The former two-time UFC light heavyweight titleholder found himself in the midst of controversy again this weekend when the Nevada State Athletic Commission decided not to grant Jones a license for his upcoming main event championship bout vs. Alexander Gustafsson at UFC 232 due to a drug-testing abnormality discovered during an analysis of the past 18 months of Jones’s test results.

According to a statement from the United States Anti-Doping Agency, an “extremely low” trace amount of a banned substance that Jones was previously sanctioned for was still present in his system, but he is not being investigated for a violation due to the amount providing “no performance enhancement.” That said, the NSAC is expected to have a hearing with Jones in January, where they will further deliberate his competitive eligibility in Nevada.

With Jones unable to obtain a license to fight in Las Vegas at T-Mobile Arena where UFC 232 was originally booked, Saturday’s event has been moved to The Forum in Inglewood, Calif. State commission executive officer Andy Foster told MMA Fighting that Jones already passed another test over the weekend and that he is “a clean athlete.”

The location change has been met with much public criticism and also renewed skepticism from fans concerning Jones’s reputation. He has twice been suspended for USADA violations; first in July 2016, just days before he was scheduled to fight Daniel Cormier at UFC 200, an infraction that led to the cancellation of that bout and Jones eventually being slapped with a year-long suspension; and again in August 2017, this time after a second victory over Cormier that would subsequently be overturned to a no contest (and cause Jones’s third title win to be stricken from the records). Jones received a 15-month suspension for his second infraction.

All of this has led to Jones’s once untouchable legacy being tarnished in the eyes of many observers, and he told ESPN on Wednesday that there’s no sense in fighting it ahead of UFC 232.

“I think my trying to prove any type of innocence is going to be virtually impossible before the fight, because of the controversial image I have,” Jones said. “People are kind of set in what they’re going to believe. I can’t win over many minds before the fight.”

Jones, 31, has maintained that the banned substance, Turinabol, which was responsible for his second test failure and has apparently remained present in his system to trip him up in his third, came from contaminated supplements and that the amount found was so insignificant as to give him no advantage in competition.
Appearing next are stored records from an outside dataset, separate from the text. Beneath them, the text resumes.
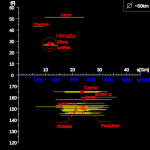 11 | VI | Himalia | [] | 170 | 670 | 11,451,971 | +250.37 | 30.486° | 0.1513 | 1904 | Perrine | Himalia | |
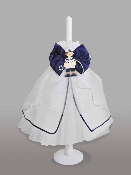 Lumanare de botez, imbracata in tul alb si accesorizata cu o figurina baietel marinar si o funda albastra. Acest model este ideal pentru botezul baieteilor.
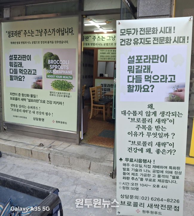 이번 1호점 개설을 주관한 원투원푸드 직영 전문점은 일반적으로 대수롭지 않게 여겨지는 브로콜리는 새싹에서 ‘설포라판’이 풍부하여 건강의 효능으로 인기를 끌고 있는 가운데 이번에 브로콜리 새싹을 특수한 농법으로 직접 재배하여 브로콜리 새싹 주스와 샐러드만 취급하는 전문점이다.
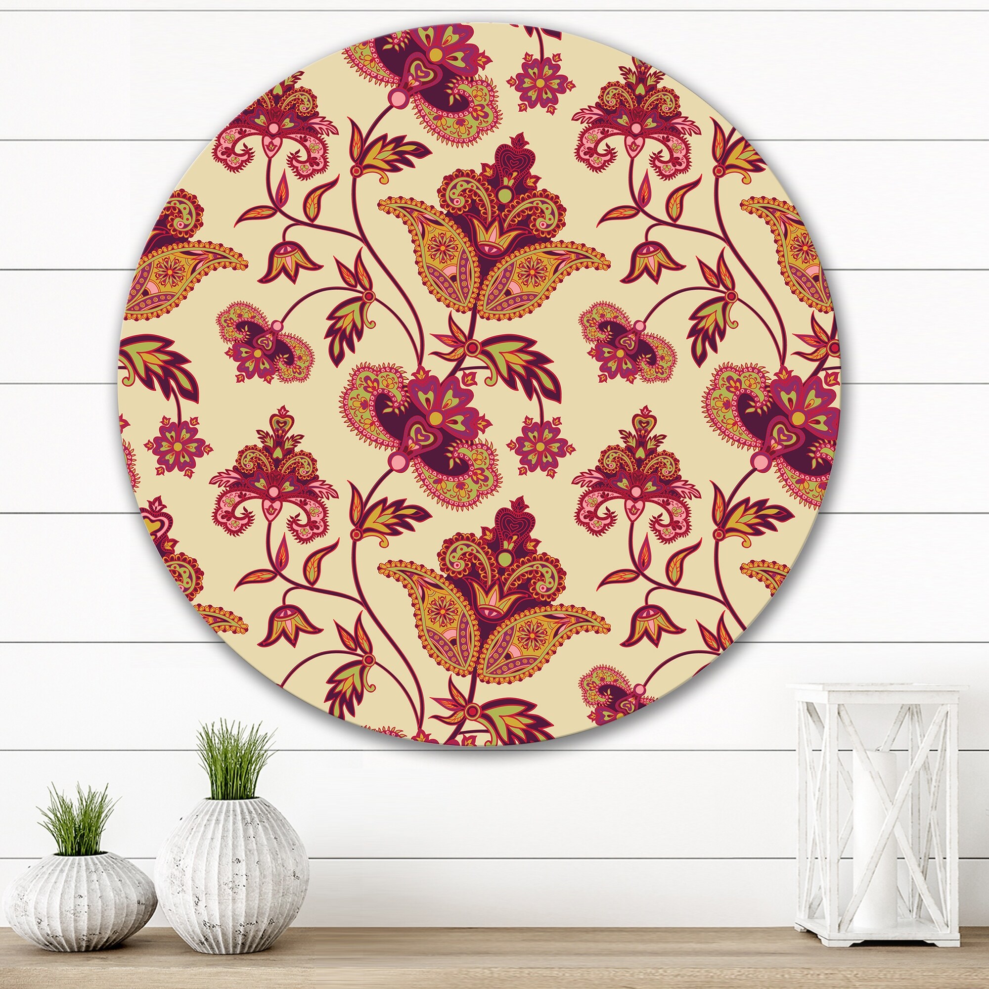 Designart 'Red Vintage Flowers on Beige' Patterned Metal Circle Wall Art
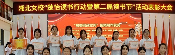 湘北女校一直以来高度重视培养师生养成“好读书,读好书”的习惯,今年开学初,学校启动了楚怡读书行动和第二届读书节活动,根据活动实施方案开展了一系列的读书活动。学校师生围绕学校开出的读书“菜单”,根据各自兴趣爱好开展形式多样的读书活动。写心得,写征文,搞摘抄,制作读书卡,办读书小报,制作视频等。涌现出一个个读书高涨的书香班级和热爱读书的标兵。经过评比,共评出优秀征文36篇、“最美阅读空间”视频21个、“书香班级”9个;幼儿保育(高)2105班黄李佳同学被评为“楚怡读书之星”。
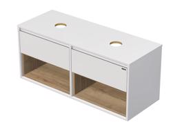 Emmy Design EMMY 120 cm bílá/halifax s dvěma zásuvkami a 2x otevřenou nikou, pro umyvadla na desku (A0536/80)
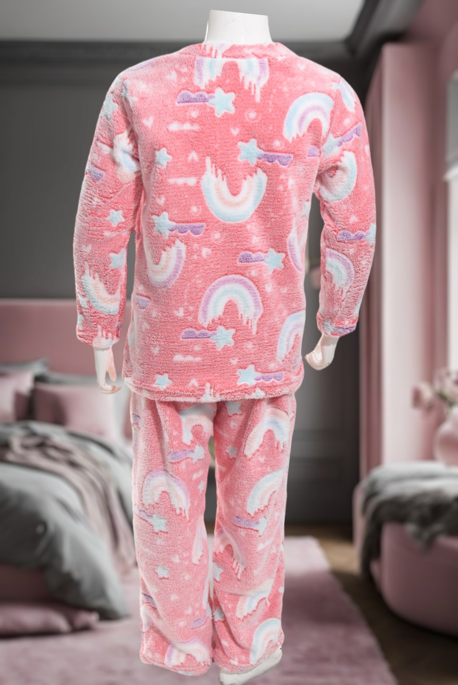 Girls Red Coral Fleece Glow In The Dark Pyjama

Concerning the Turinabol metabolites in question, Jones is confused as to how evidence of them could be in his body so long after they were first discovered in August of last year.

“Even the scientists that found it, don’t know much about it,” Jones said. “I’m hearing reports this s--- could live in my system for seven years. I’ve learned to say, ‘You know what Jon? You know in your heart you did nothing wrong.’ If I took another polygraph test and answered the question, ‘Have you ever knowingly put this in your system?’ I could confidently say, ‘No, I never knowingly put this in my system.’ And it would be a true statement.

“I just have to surrender to people’s opinions. I gotta surrender to the ignorance our sport is surrounded by. I gotta surrender to the fact most people will never pick up a book and do homework for themselves. I gotta surrender to it all and say, ‘Listen Jon, you’ve had a controversial career. You’re fun for people to pick at. You’re fun for people to talk about. If you are part of anything that’s not positive, it’s going to be huge news.’

“I have to be 100 percent confident in knowing I didn’t do anything wrong.”

Following the news of his latest drug-test related mishap and the commotion surrounding UFC 232 being moved from Nevada to California, Jones issued a pair of statements via social media apologizing to those inconvenienced by the change.

He assured fans that “this is not a mistake I made” and referred to the incident as being “completely out of my control,” though he is vowing to help make up for the chaos that has ensued this week.

“I had to really speed up my healing on this, but I understand there are fans out there who aren’t healed and lost some serious money,” Jones told ESPN. “I’ve almost had to bury my emotions and deal with them after the fight, but I will try to make it better for the fans after the fight.”